— Oh ! pour ce qui est de mon cœur, c’est une autre affaire : le coup de ciseaux du bonsoir a coupé net ce fil d’Ariane que nos anciennes vont dévidant, jusqu’au bout de la France.

— Quel adieu glacial !

— On n’en fait plus, des directrices comme Mme Jules Ferron ; c’est entendu, elle a une âme sublime, elle aura son buste dans la galerie stoïcienne, on dira ses vertus… mais, ça je le jure, pas une larme vraie ne coulera pour elle.

— Pourtant, elle est l’icone de nos anciennes ; elles ont dû écrire ces paroles inoubliables d’hier soir : « Vous êtes des êtres libres. Ici vous avez appris à ne compter que sur vous-mêmes. Aimez à vivre seules, le souverain bien est dans la possession de soi-même. Étouffez vos désirs, vos passions ! Ne vous attachez pas aux vanités, rappelez-vous le conseil du sage qui se détourne des liens d’affection, sans regret, comme le voyageur regarde, sans émoi, les cailloux de la plage. Faites votre devoir. »

— Oui c’est beau comme un livre, une âme comme celle-là, une âme morte, soupira Marguerite, que cet adieu avait froissée au plus profond de sa peine.
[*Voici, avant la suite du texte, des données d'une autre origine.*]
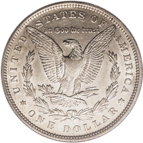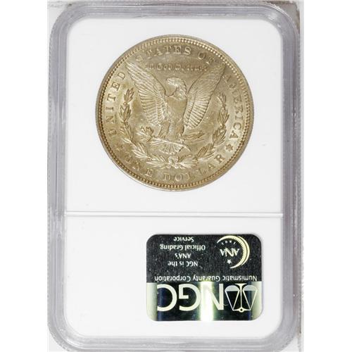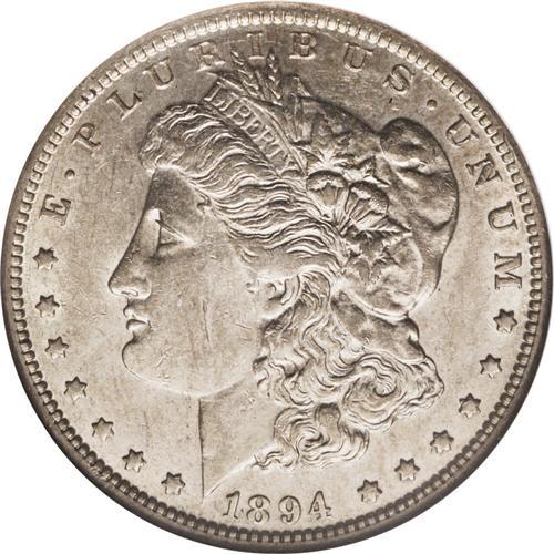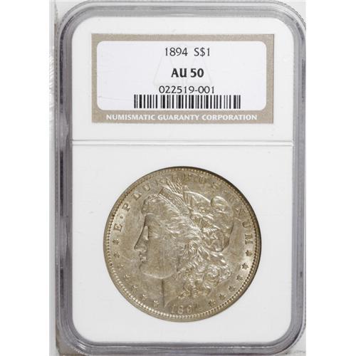 <B>1894<img border='0' src='http://www.heritagecoins.com/images/star.gif' width=10 height=10>$1> AU50 NGC.</B></I> The Morgan dollar series has its share of low-mintage issues, but the 1894 ranks among the scarcest with a mintage of just 110,972 pieces. This olive-gold piece is a fine representative, with minor wear on the highpoints but largely unaffected and still-lustrous fields. The small handling marks on each side have little impact on the overall eye appeal.

— Tu dis vrai, un livre, mais un livre incomplet, car son œuvre d’éducation a été dangereuse pour quelques-unes : vois Isabelle, résignée, s’abstenant héroïquement de vivre ; sa mort, c’est le stoïcisme de La mort du loup ; crois-tu que le culte de l’énergie prépare, dans Victoire Nollet, un être bien humain ?

— La volonté est un outil parfois criminel ; et je ne crois rien de plus faux que d’estimer une âme, selon qu’elle se redresse, ou qu’elle s’abandonne. Quelle prise Mme Jules Ferron aura-t-elle eue sur nous ?

— Aucune.

— Si ; on n’oublie pas que sa pensée domine et dirige l’École. Ici, ou là-bas, le tourment sera le même : mériter toujours cette estime hautaine, rester digne des principes que sa vie nous force à respecter.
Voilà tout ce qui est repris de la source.